• **GIVEN INFORMATION**
"""
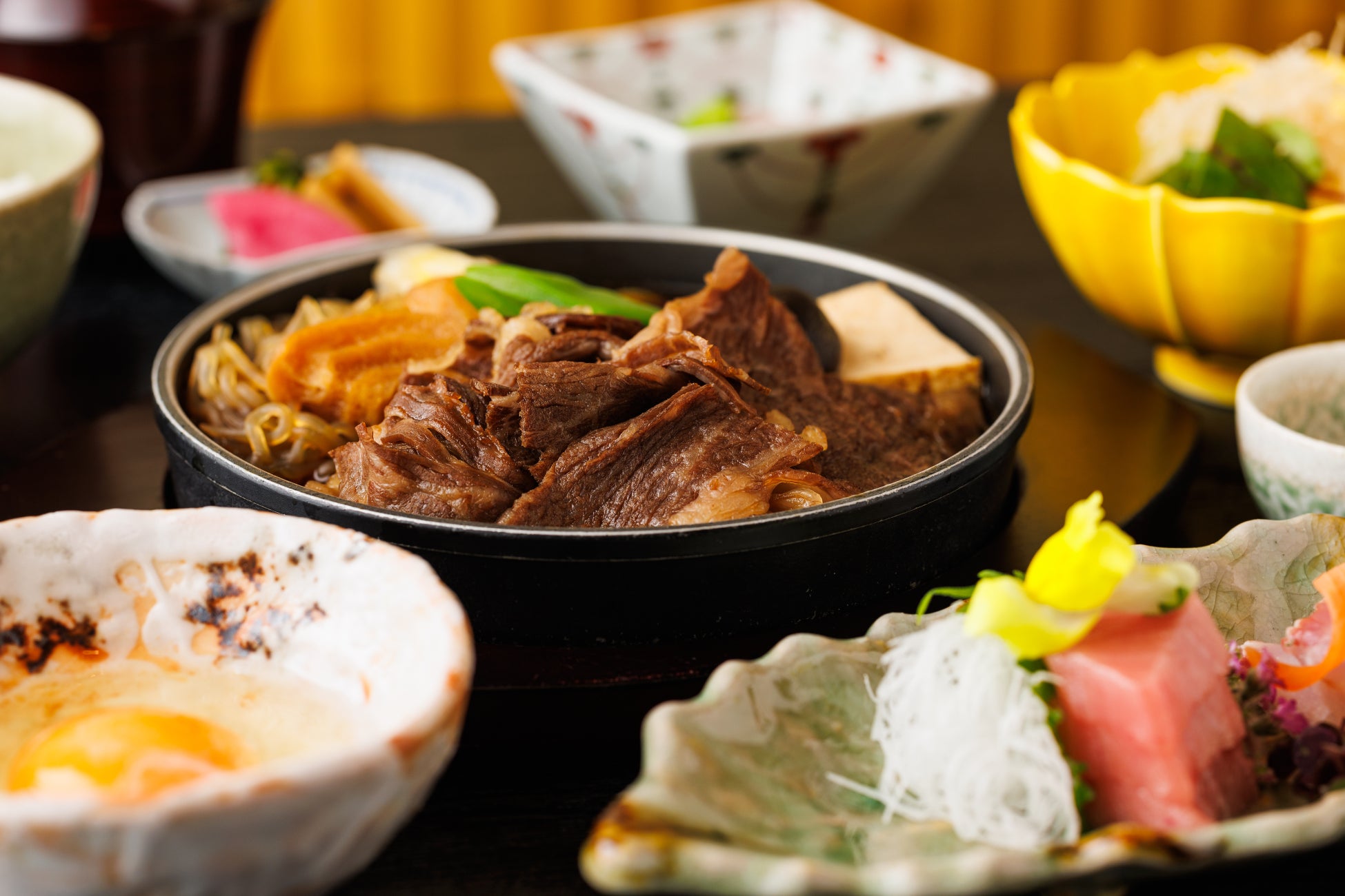 「平川」のすき焼きとお造りのセット、「海彦」の紅白丼、いずれも40周年を記念したメニューです。
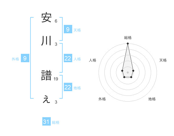 安川 譜ぇさんを姓名の画数から五運を鑑定
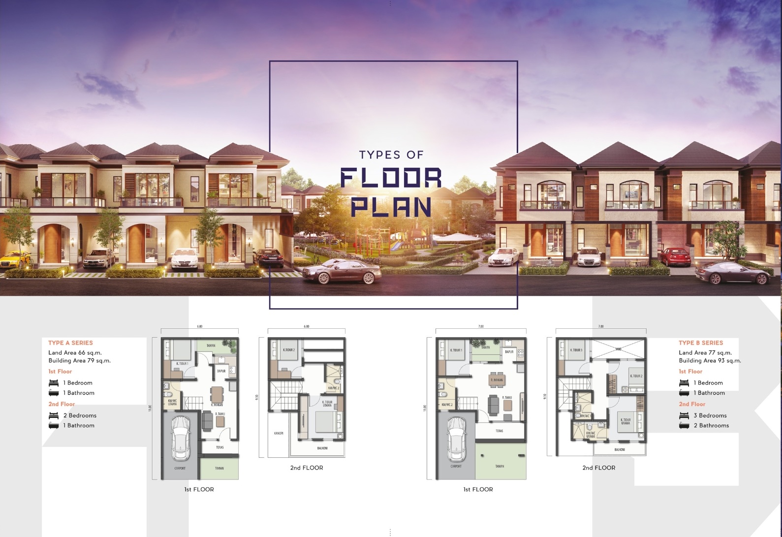 Type A Series, LT / LB : 66 / 79 m2. Rumah 2 lantai, 3 bedroom + 2 bathroom.
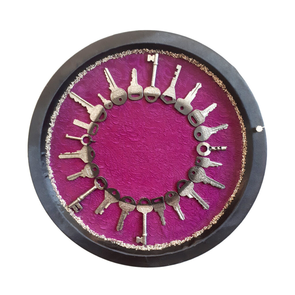 nyckelring nyckelring 32 x 32cmMaterial: bricka, stuvbit, halsband, nycklar.Kan hänga på vägg.Pris: 2 300kr Köp konstverket! <<Tillbaka till galleriet
"""
• **EXERCISE OBJECTIVE**
Reproduce the whole listing above word for word, but not its pictures.

• **WRITTEN SOLUTION**
 「平川」のすき焼きとお造りのセット、「海彦」の紅白丼、いずれも40周年を記念したメニューです。
 安川 譜ぇさんを姓名の画数から五運を鑑定
 Type A Series, LT / LB : 66 / 79 m2. Rumah 2 lantai, 3 bedroom + 2 bathroom.
 nyckelring nyckelring 32 x 32cmMaterial: bricka, stuvbit, halsband, nycklar.Kan hänga på vägg.Pris: 2 300kr Köp konstverket! <<Tillbaka till galleriet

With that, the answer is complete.